The City Council was expected to approve the plan for a new shopping center, which will be anchored by a Kash n' Karry.

By MAUREEN BYRNE AHERN
© St. Petersburg Times
published November 27, 2002


SEMINOLE -- It's been this way for years -- a boarded-up building and overgrown landscaping in desperate need of a face lift.

But it appears the site of the old Columbia University General Hospital at the northwest corner of 102nd Avenue N and Seminole Boulevard will become the city's newest shopping center, where residents can buy groceries and possibly rent a video or enjoy a meal.

To make that happen, developers had to jump through a number of hoops to change the property's zoning from institutional to commercial.

Their last stop was Tuesday at Seminole City Council's regular meeting. Council members unanimously approved the measure on its first public hearing in August and were expected to do the same on its second reading Tuesday. The vote was taken after Neighborhood Times' publication deadline.

University General Hospital, which closed in 1997 after 22 years, has been mostly vacant. A plan to turn the 73,385-square-foot building at 10200 Seminole Blvd. into an assisted living facility with medical offices was dropped because it was too expensive.
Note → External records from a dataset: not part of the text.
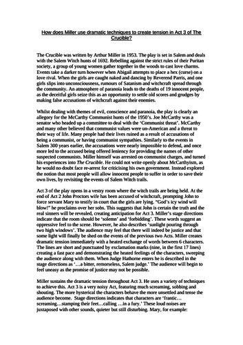 When Miller wrote his play, which has been reproduced on film with just a few changes, he…. Reference Ebert, Roger. Chicago Sun-Times. December 20, what I was doing was writing a fictional story about an important theme. Crucible Arthur Miller's play "The Crucible" is set in Salem, Massachusetts in the last part of the 17th century. The play itself is based on the Salem witch trials that took place during that time. People who lived during that time period were very religious, essay the crucible, and also very superstitious.
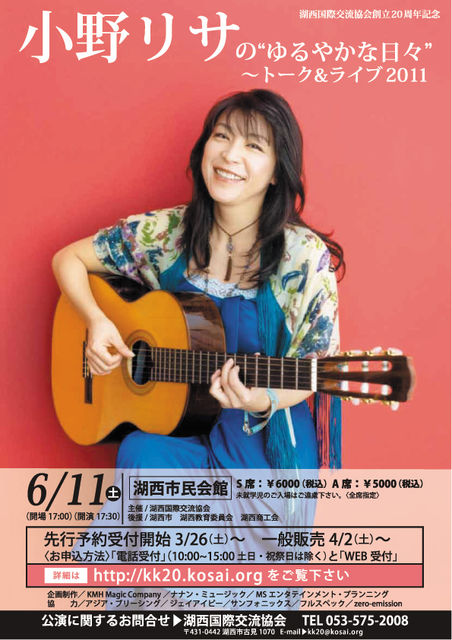 管理人様、イベント告知させていただきます。 全国の小野リサファン、ボサノバファンの皆様にお知らせさせていただきます。 小野リサの”ゆるやかな日々”〜トーク&ライブ2011が 6月11日土曜日 湖西市民会館にて開催されます。 主催は湖西市国際交流協会で湖西国際交流協会創立20周年記念の 一環として主催をさせて頂きます。 S席:\6000(税込) A席:\5000(税込) 全席指定。 未就学児のご入場はご遠慮頂いております。 詳細は http://kk20.kosai.org をご覧下さい。 チケットのご購入も上記サイトよりご購入頂けます。
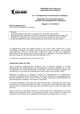Le présent rapport concerne le versement d’un acompte à l’Association Départementale d’Information et d’Action Musicales et Chorégraphiques du Bas-Rhin (ADIAM 67), nécessaire pour mener son activité dans l’attente du vote du budget primitif du Département et le renouvellement de la convention de partenariat.
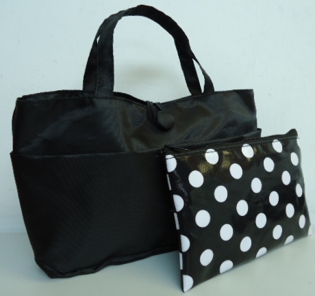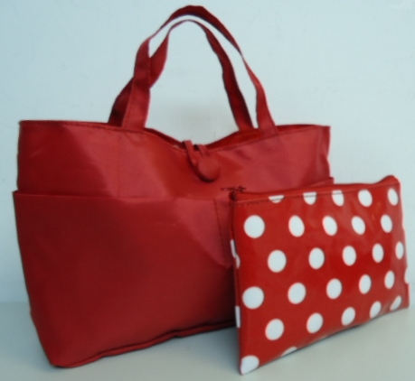 The 420D nylon bag front have two open pocket, back have one zipper pocket.
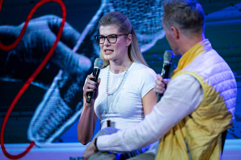 Zľava: Tréner Maroš Molnár, influencerka Dominika Krčmárikova a Matej "Sajfa" Cifra počas festivalu RecFest v Edison Parku v Bratislave. Bratislava, 27. september 2025. Foto: SITA/Jana Birošová
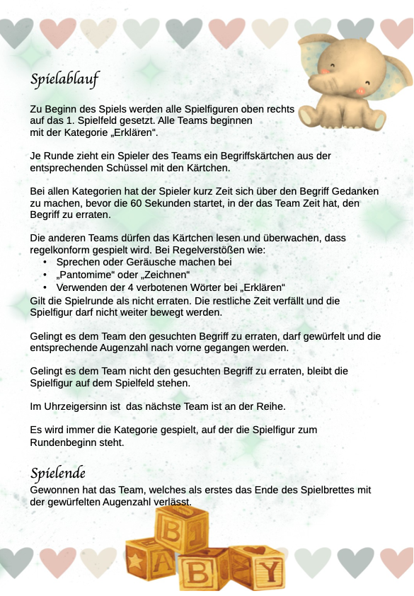 Das Babyparty Activity kommt im ansprechenden Design daher.

Developers believe a Kash n' Karry, which has agreed to be the anchor tenant of the $8-million complex, and several other merchants will attract plenty of customers.

"That's part of what we're counting on is traffic from the west side (of Seminole Boulevard)," said Matt Williams, a developer for Commercial Net Lease Realty, an Orlando company that owns 360 retail properties nationwide and is buying the property at 10200 Seminole Blvd. from Suncare Properties. Commercial Net would not disclose the purchase price.

Some of that traffic is bound to come from Thurston Groves, a gated community that is sprouting on 102nd Avenue just moments away from the site.

Mayor Dottie Reeder has both professional and personal reasons to be happy with the proposed shopping center. Replacing the rundown structure with a pretty building with teal awnings and landscaped grounds will mean one less vacant piece of commercial property in the city. And she plans to shop there because she'll soon live at Thurston Groves.

Reeder hopes a nice restaurant will open in the shopping center. "That would be great," she said.

In addition to the 45,000-square-foot Kash n' Karry, the center will have another 16,000 square feet for shops. The additional square footage could accommodate eight to 10 small shops.

No other tenants have signed on yet, Williams said. "We put (leasing) on the back burner until we got through the zoning process," he said. "Now we're ready to switch gears."

A number of permits are required to begin the project. "Our hope is to start the demolition process by March," he said.

Everything on the 7.6 acres will be demolished, Williams said. An Eckerd drugstore on the corner of the property will remain. Construction would begin in April and last eight months.

And what about a name for the complex?

"We're not really sold on anything yet," Williams said. "That's one thing we need to nail down in the next couple of weeks."

City and chamber officials hope they'll soon have some news on the other closed hospital in Seminole. The former Seminole Hospital & Women's Center at 9675 Seminole Blvd., a 62,000-square-foot building near Lake Seminole, has been shuttered since 1996.

Heritage Healthcare of America Inc., a company in Encino, Calif., planned to spend $2.5-million on the property to open an assisted living center for Alzheimer's patients. But nothing got off the ground.

Mitch Bobowski, Seminole's general services director, said developers have made recent inquiries on the site, but nothing concrete is in the works.

Jimmy Johnson, executive director of the Greater Seminole Area Chamber of Commerce, said he is pleased at least one of the hospital sites is being redeveloped. "We've had a very successful year and this is the crown," he said.